Our first algorithm, insertion sort, solves the sorting problem introduced in Chapter 1:

Input: A sequence of $n$ numbers $\langle a_1, a_2, \ldots, a_n \rangle$

Output: A permutation (reordering) $\langle a'_1, a'_2, \ldots, a'_n \rangle$ of the input sequence such that $a'_1 \leq a'_2 \leq \cdots \leq a'_n$ .

The numbers to be sorted are also known as the keys. Although the problem is conceptually about sorting a sequence, the input comes in the form of an array with $n$ elements. When we want to sort numbers, it’s often because they are the keys associated with other data, which we call satellite data. Together, a key and satellite data form a record. For example, consider a spreadsheet containing student records with many associated pieces of data such as age, grade-point average, and number of courses taken. Any one of these quantities could be a key, but when the spreadsheet sorts, it moves the associated record (the satellite data) with the key. When describing a sorting algorithm, we focus on the keys, but it is important to remember that there usually is associated satellite data.

In this book, we’ll typically describe algorithms as procedures written in a pseudocode that is similar in many respects to C, C++, Java, Python,^[1] or JavaScript. (Apologies if we’ve omitted your favorite programming language.
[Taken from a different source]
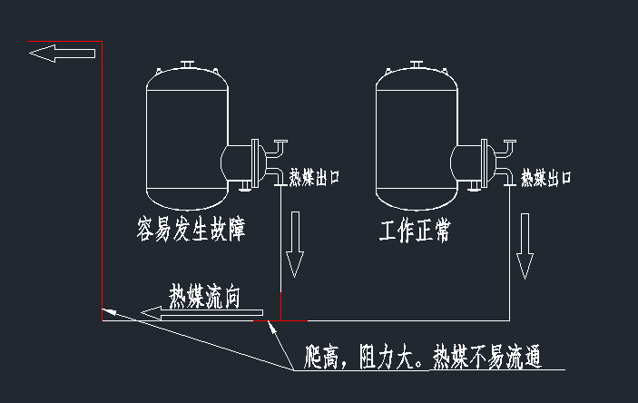 解決方案:降低熱媒出口的阻力,熱媒出口盡量避免爬高。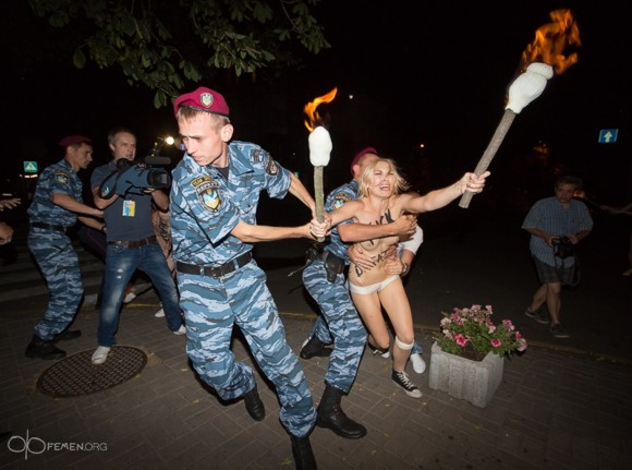 В пресс-службе подчеркнули, что «женское движение Femen борется за низвержение последнего диктатора Европы Лукашенко, за свободную Беларусь без диктатуры, тюрем и убийств». А также презирает президента Украины Виктора Януковича за «дружбу с отбросам цивилизации и пренебрежением европейским курсом для Украины».

We can’t list them all.) If you have been introduced to any of these languages, you should have little trouble understanding algorithms “coded” in pseudocode. What separates pseudocode from real code is that in pseudocode, we employ whatever expressive method is most clear and concise to specify a given algorithm. Sometimes the clearest method is English, so do not be surprised if you come across an English phrase or sentence embedded within a section that looks more like real code. Another difference between pseudocode and real code is that pseudocode often ignores aspects of software engineering -- such as data abstraction, modularity, and error handling -- in order to convey the essence of the algorithm more concisely.
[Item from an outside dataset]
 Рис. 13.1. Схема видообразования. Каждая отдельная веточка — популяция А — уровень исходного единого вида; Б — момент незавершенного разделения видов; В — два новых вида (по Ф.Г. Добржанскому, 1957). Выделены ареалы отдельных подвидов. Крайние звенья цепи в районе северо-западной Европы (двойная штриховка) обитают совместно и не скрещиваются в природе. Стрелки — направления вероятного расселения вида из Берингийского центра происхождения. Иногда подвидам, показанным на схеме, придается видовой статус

We start with insertion sort, which is an efficient algorithm for sorting a small number of elements. Insertion sort works the way you might sort a hand of playing cards. Start with an empty left hand and the cards in a pile on the table. Pick up the first card in the pile and hold it with your left hand. Then, with your right hand, remove one card at a time from the pile, and insert it into the correct position in your left hand. As Figure 1 illustrates, you find the correct position for a card by comparing it with each of the cards already in your left hand, starting at the right and moving left. As soon as you see a card in your left hand whose value is less than or equal to the card you’re holding in your right hand, insert the card that you’re holding in your right hand just to the right of this card in your left hand. If all the cards in your left hand have values greater than the card in your right hand, then place this card as the leftmost card in your left hand. At all times, the cards held in your left hand are sorted, and these cards were originally the top cards of the pile on the table.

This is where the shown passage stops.